The long-term dataset of unified records of extreme flooding events reported by the UK Centre for Ecology and Hydrology (CEH) and the UK Meteorological Office (MET) between 1884-2013 [38] –from now abbreviated as ‘UnifiedCEHMET’– is a unique dataset of 100+ year records of flood events and their consequences on a national scale. Flood events were classified by severity based upon qualitative descriptions. There is an increase in the number of reported flood events over time associated with an increased exposure to flooding as floodplain areas were developed. The data were de-trended for exposure, using population and dwelling house data. The adjusted record shows no trend in reported flooding over time, but there is significant decade to decade variability. The study opens a new approach to considering flood occurrence over a long-time scale using reported information (and thus likely effects on society) rather than just considering trends in extreme hydrological conditions. It contains a total of 1821 records with three impact categories of mild, moderate, and severe events. From these total number of records, we can find 661 records with descriptive messages - 464 for mild events, 69 for moderate events, and 91 for severe events.

In the case of the MDRM dataset, training, validation, and testing splits are provided by the dataset [36]. We use these provided splits to train our binary classifiers with hand-crafted features and deep bidirectional Transformer neural networks. All the splits are created ensuring a suitable balance ratio between positive and negative class samples for the different target categories ‘disaster’, ‘medical’, ‘humanitarian standards’, and ‘severity’, which are controlled by an empirically set parameter.

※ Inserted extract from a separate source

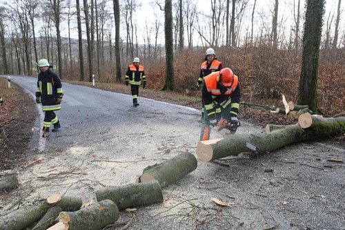 Die FF Köddingen hat im Anschluss noch in Eigenverantwortung einen Baum am Köddinger DGH zerlegt, der ebenfalls durch den Sturm Eberhard umgeworfen worden war.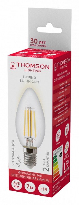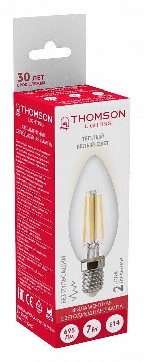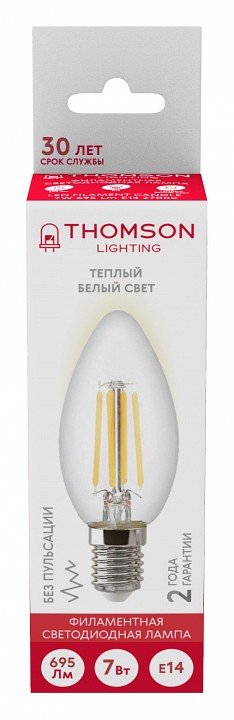 Станьте первым, кто оставит отзыв о товаре Лампа светодиодная филаментная Thomson E14 7W 2700K свеча прозрачная TH-B2067.

However, for the multiclassification approach we use the entire MDRM dataset to perform the evaluation using splits of 33% for testing and 66% for training the models. Then, we train our classifiers using 5-fold cross validation and compute the average scores for each metric. This is done to make results comparable with [39], given that all the results we found for this dataset do not follow the proposed splits provided by the dataset on the multiclassification task. Besides, there is no information specified in those results about any validation strategy performed in their evaluation, such as the k-fold cross validation which we do perform to provide with more reliable results. Therefore, we use this evaluation only for comparison purposes with existing reported results for this dataset. Figure 2 plots the learning curve to show the scalability of the SVC multiclassification approach. One can note the quick improvement of the training process when we train the model until 8000 samples, and the saturation with no further improvements when adding more samples after that point.

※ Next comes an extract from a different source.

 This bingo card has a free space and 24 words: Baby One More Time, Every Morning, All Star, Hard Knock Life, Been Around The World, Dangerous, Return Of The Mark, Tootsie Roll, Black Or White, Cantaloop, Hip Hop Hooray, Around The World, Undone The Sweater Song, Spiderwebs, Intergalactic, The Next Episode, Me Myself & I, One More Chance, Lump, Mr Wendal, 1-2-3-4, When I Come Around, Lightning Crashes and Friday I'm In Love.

We perform an additional evaluation with the original form for the splits of the MDRM dataset to enhance current results and to allow future comparisons to users. To the best of our knowledge, there are no previous published results for this dataset in spite of the dataset being also publicly available with its original splits in competition platforms such as Kaggle⁷. Therefore, we provide for the first time a reliable machine learning evaluation for this dataset on the disaster response domain. Figure 3 plots the learning curves to show the performance and scalability of our NB-based approaches and the SVC multiclassification approach. In this case, the improvement is progressively slower during the training process as we add more samples, until the point where the performance on the validation data is close to the performance on the training data. This is due to the reduced number of validation samples in this setting of original splits of the dataset with respect to the above setting using custom splits. In this setting, we see a considerable improvement in the learning process in all our methods, especially in our SVC model.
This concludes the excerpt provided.